Li et al. first determined whether sickle mice who receive pyridoxamine demonstrate clinically relevant beneficial effects. They showed that pyridoxamine reduced neutrophil recruitment to the cremaster venular wall of SCD mice after they were exposed to either hypoxia/reoxygenation or tumor necrosis factor-α (TNF- α). Such treatment also improved survival of challenged mice. However, these effects did not appear to be via reduction in AGE, as pyridoxamine reduced endothelial cell and blood cell (neutrophil, platelet) activation states or adhesiveness without affecting the plasma levels of AGE or nitric oxide (NO). Moreover, pyridoxamine appeared equally effective in the presence or absence of hydroxyurea. In vitro studies also confirmed that pyridoxamine appears to have quite selective effects on neutrophils and platelets. It reduced neutrophil degranulation and decreased the surface amount of αMβ2 integrin, a receptor required for the interaction of neutrophils with endothelial cells and platelets, while it did not affect neutrophil L-selectin shedding and ROS production. Furthermore, treatment of SCD mice or mouse platelets in vitro with pyridoxamine inhibited platelet aggregation and ATP secretion after exposure to thrombin or a collagen- related peptide (CRP, a glycoprotein VI-specific agonist) without affecting P-selectin. In vitro experiments with human neutrophils also showed that pyridoxamine reduced ROS generation but did not affect the surface amount of αMβ2 and L-selectin on neutrophils following agonist stimulation.
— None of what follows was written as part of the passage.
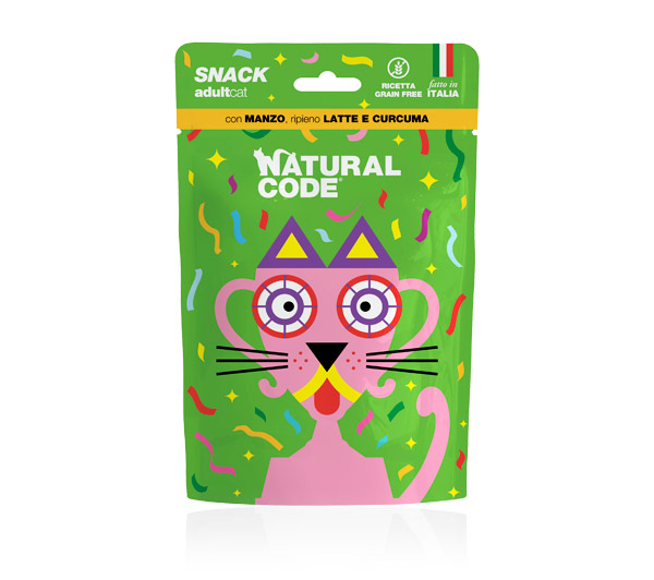 Natural Code Snack Cat Adult Grain Free Manzo Latte Curcuma 60 gr

What more needs to be done?

Based on their results, Li et al. suggest that pyridoxamine should be investigated in human SCD to prevent both vaso-occlusion and possibly hemolysis-related organ damage. Although pyridoxamine did not seem to have its effect via reduction of AGE in sickle mice, its protective effect against oxidative challenges may be relevant. In diabetic rats, treatment with pyridoxamine produced a decline in oxidative stress parameters and ROS production. Given that oxidative damage is believed to be critical to the organ damage seen in both diabetes and SCD, further exploration of pyridoxamine in SCD is reasonable, despite the disappointing results in human diabetic patients despite promising data in animal models of diabetes. The article by Li et al. also offers interesting insights into where pyridoxamine may affect the many pathways leading to vaso-occlusion. It is disappointing, however, that they did not report effects of pyridoxamine on the root cause of vaso-occlusion, i.e., the sickle red blood cells (RBC). Especially at this time, when we know clearly that sickle RBC are deficient in anti-oxidant capacity, [15] and that oxidative pathways in RBC promote vasoocclusion, [13] understanding the effects of anti-oxidant therapies on sickle RBC biology, the root cause of SCD, should be prioritized.